Jesus Christ crucified on the Cross —the greatest act of devotion to God ever known— was not accompanied with the praise and applause of onlooking people but rather mocking, scorn, insult, and public shame.
Performative spirituality could not save us, but true devotion did!
But the story does not end there!
Jesus rises from the dead and reveals to his disciples that
All authority in heaven and on earth has been given to me. Therefore go and make disciples of all nations, baptizing them in the name of the Father and of the Son and of the Holy Spirit, and teaching them to obey everything I have commanded you.
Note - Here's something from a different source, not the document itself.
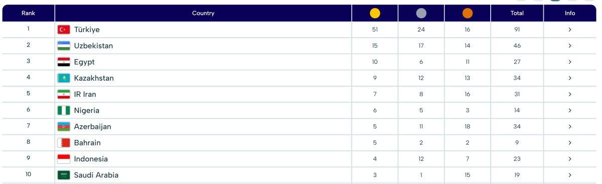 Ayni damda O'zbekiston hisobida 15 ta oltin, 15 ta kumush va 12 ta bronza medallari mavjud. Delegaciyamiz medallar jamg'arish reytingida hamon ikkinchilikni o'zida saqlab kelmoqda. Turkiya esa 51 ta oltin, 24 ta kumush va 16 ta bronza bilan o'z peshqadamligini davom ettirmoqda.

And surely I am with you always, to the very end of the age.
Matthew 28:18-20
Jesus is on a mission to free all human beings everywhere from captivity and bondage to the lie that our own self-exaltation is the greatest reward.
Exit, Stage Right..
Jesus wants us to walk off the stage of performative spirituality and move towards a better place— the sacred altar of devotion that has God as the highest aspiration.
From the stage to the altar.
Then I will go to the altar of God, to God, my greatest joy. I will praise You with the harp, O God, my God.
Psalm 43:4
It is there that we find true joy, true fulfillment, and yes— the honor we had been seeking all along!